Data extract

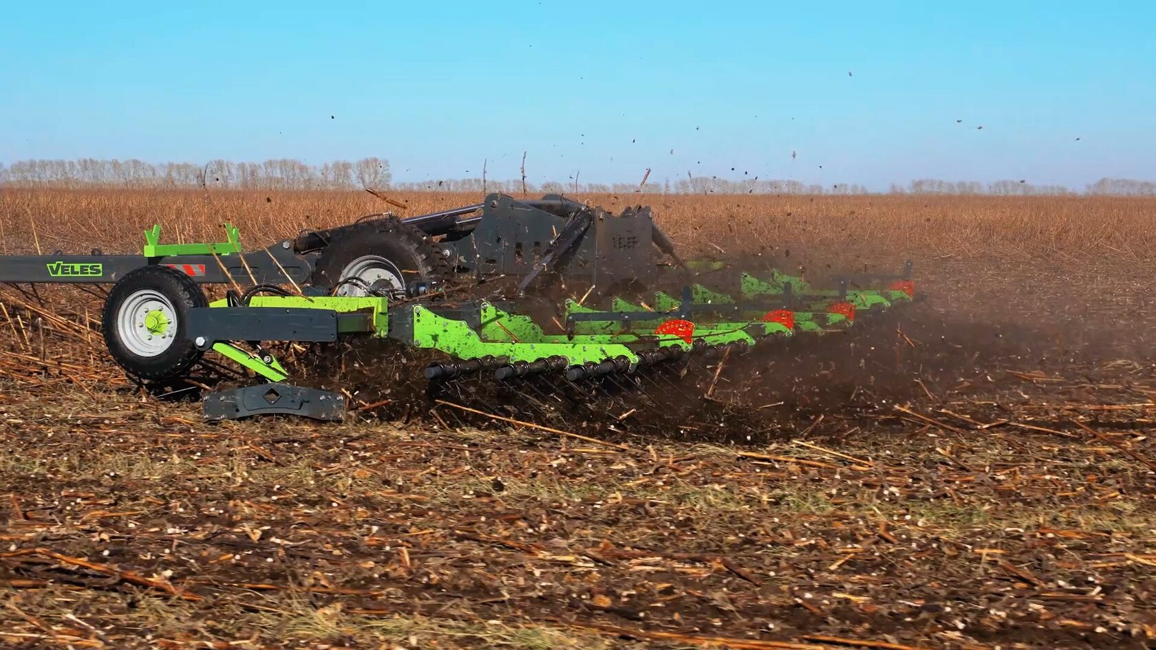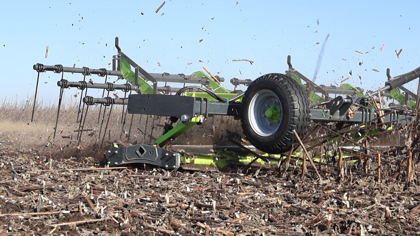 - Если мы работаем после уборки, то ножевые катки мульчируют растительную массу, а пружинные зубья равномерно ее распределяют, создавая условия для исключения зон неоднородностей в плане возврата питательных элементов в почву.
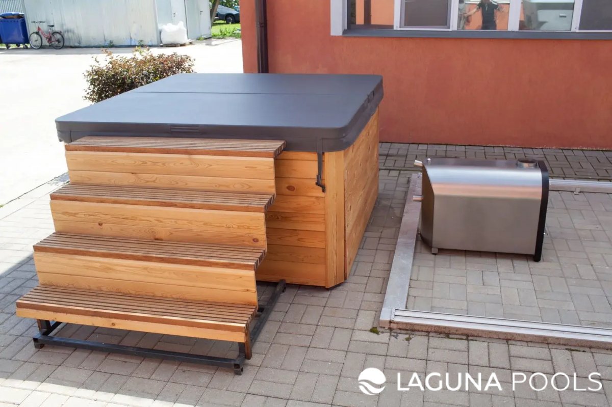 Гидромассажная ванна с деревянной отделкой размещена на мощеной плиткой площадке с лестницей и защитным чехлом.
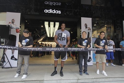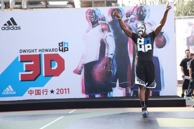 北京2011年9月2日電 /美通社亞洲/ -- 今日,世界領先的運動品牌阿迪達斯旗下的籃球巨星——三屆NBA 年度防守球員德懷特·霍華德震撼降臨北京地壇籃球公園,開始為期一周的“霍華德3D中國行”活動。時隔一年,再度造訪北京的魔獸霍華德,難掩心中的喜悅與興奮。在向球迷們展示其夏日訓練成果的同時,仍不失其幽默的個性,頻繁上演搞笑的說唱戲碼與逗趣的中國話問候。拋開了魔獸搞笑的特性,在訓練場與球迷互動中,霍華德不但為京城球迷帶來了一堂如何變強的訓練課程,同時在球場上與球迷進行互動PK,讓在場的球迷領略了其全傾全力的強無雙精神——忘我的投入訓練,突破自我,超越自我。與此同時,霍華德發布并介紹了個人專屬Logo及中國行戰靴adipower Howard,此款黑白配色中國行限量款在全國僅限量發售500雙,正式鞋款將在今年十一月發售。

What the task asks
Retype the data word for word, please, and keep the images out.

Solution
 - Если мы работаем после уборки, то ножевые катки мульчируют растительную массу, а пружинные зубья равномерно ее распределяют, создавая условия для исключения зон неоднородностей в плане возврата питательных элементов в почву.
 Гидромассажная ванна с деревянной отделкой размещена на мощеной плиткой площадке с лестницей и защитным чехлом.
 北京2011年9月2日電 /美通社亞洲/ -- 今日,世界領先的運動品牌阿迪達斯旗下的籃球巨星——三屆NBA 年度防守球員德懷特·霍華德震撼降臨北京地壇籃球公園,開始為期一周的“霍華德3D中國行”活動。時隔一年,再度造訪北京的魔獸霍華德,難掩心中的喜悅與興奮。在向球迷們展示其夏日訓練成果的同時,仍不失其幽默的個性,頻繁上演搞笑的說唱戲碼與逗趣的中國話問候。拋開了魔獸搞笑的特性,在訓練場與球迷互動中,霍華德不但為京城球迷帶來了一堂如何變強的訓練課程,同時在球場上與球迷進行互動PK,讓在場的球迷領略了其全傾全力的強無雙精神——忘我的投入訓練,突破自我,超越自我。與此同時,霍華德發布并介紹了個人專屬Logo及中國行戰靴adipower Howard,此款黑白配色中國行限量款在全國僅限量發售500雙,正式鞋款將在今年十一月發售。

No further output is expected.